Ajvar is also delicious paired with grilled fish like trouts or carps.
TIPS AND SUGGESTIONS
CHOOSING THE PEPPERS – As I said, the traditional pepper for this recipe is called Roga that means hornet in Serbian because of his shape. Unfortunately, the production of this particular pepper is limited to a few tons per year and, it is almost impossible to find outside the Balkans. So, I suggest you to use red and perfectly ripe bell peppers: it is a decent alternative to Roga.
GRILL OR OVEN? – The Ajvar has been born around a bonfire over a grill. So, If you have a grill, this a perfect options. In case, roasting the pepper into the oven, it is a decent and convenient alternative.
MIXER, MILL, OR GRINDER? – The traditional Ajvar requires a particular texture. Originally the peppers and eggplants have been passed through a meat grinder. A similar texture can be replicated with a vegetable mill. An electric mixer is a quick and easy idea, but the result will be different.
STORING – the Ajvar was born as a relish to save the excess of production of Roga into sterilized jars. In case you want to replicate the relish process, I suggest you follow the USDA home canning guidelines, to avoid any foodborne risks. Otherwise, store the Ajvar into clean jars in the fridge up to 5 days: it will be delicious as well!
- 6 red bell peppers
- 1 medium eggplant
- 3 cloves garlic
- 1.5 tbsp sugar
- 1/4 cup vegetable oil
- 1.5 tbsp white wine vinegar
- to taste chili powder
- to taste table salt
- BAKING/GRILLING THE VEGETABLES
Here, you have two different options: the oven or the BBQ grill.
BBQ GRILL - first, stabilize the BBQ grill temperature to 450 - 480° F (230-250° C), operating half of the burners. Then, place the peppers and eggplants on the half of the grill over the turned off burners (indirect grilling). Rotate of 90 degrees the vegetables every 15 minutes until soft and perfectly browned.
OVEN ROASTED - In case you prefer to use the oven, follow this step. First, pre-heat the oven to 480° F (250° C). Then, place the eggplant and peppers over a tray lined with parchment paper, and bake, rotating of 90 degrees the vegetables every 15 minutes until soft and perfectly browned.

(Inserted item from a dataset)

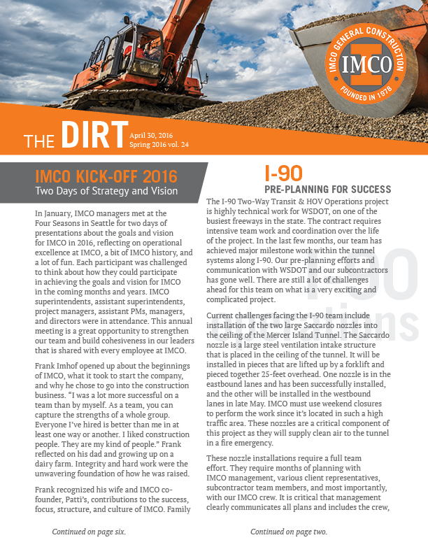 HomeNewsroom The DIRT Newsletter Highlights, Volume 24 Newsletter IMCO Kick-Off, Project Updates, Commitment to Safety the_dirt_vol_24_highlights.pdf

- EGGPLANT AND PEPPERS MIXTURE
Whatever the method you choose, once ready, place the peppers as soon as possible into sealed plastic storage bags for about 15 minutes: this will simplify the peeling. Meanwhile, cut the eggplant into halves and scoop out the pulp. Now, peel the peppers and discard the seeds and the stems. Finally, chop the vegetable pulps and pass through a meat grinder or a vegetable mill.
- AJVAR SAUCE
At this point, peel and mince the cloves of garlic. Then, pour 4 tbsp of vegetable oil into a saucepan along with the sugar. Place the pan over medium heat and melt the sugar, then add the garlic and sautè a couple of minutes. At this point, add the chili powder, as much as you want your Ajvar spicy, and the ground pepper, and the vegetables pulp.
Raise the flame and add the vinegar; keep cooking on high heat for a couple of minutes. Finally, low the flame to minimum, add the rest of vegetable oil, cover with a lid, and cook slowly about 2 hours, stirring occasionally.
Once ready, add salt to taste and stir well.
- STORING AND SERVING
Pour the Ajvar into jars and store in the fridge up to 5 days. Alternatively, you can sterilize the jars and store for a more extended time: in this case, I strongly recommend to follow the USDA canning rules to avoid any foodborne risks.
Serve Ajvar cold or at room temperature, along with toasted bread slice, grilled meats, or fish.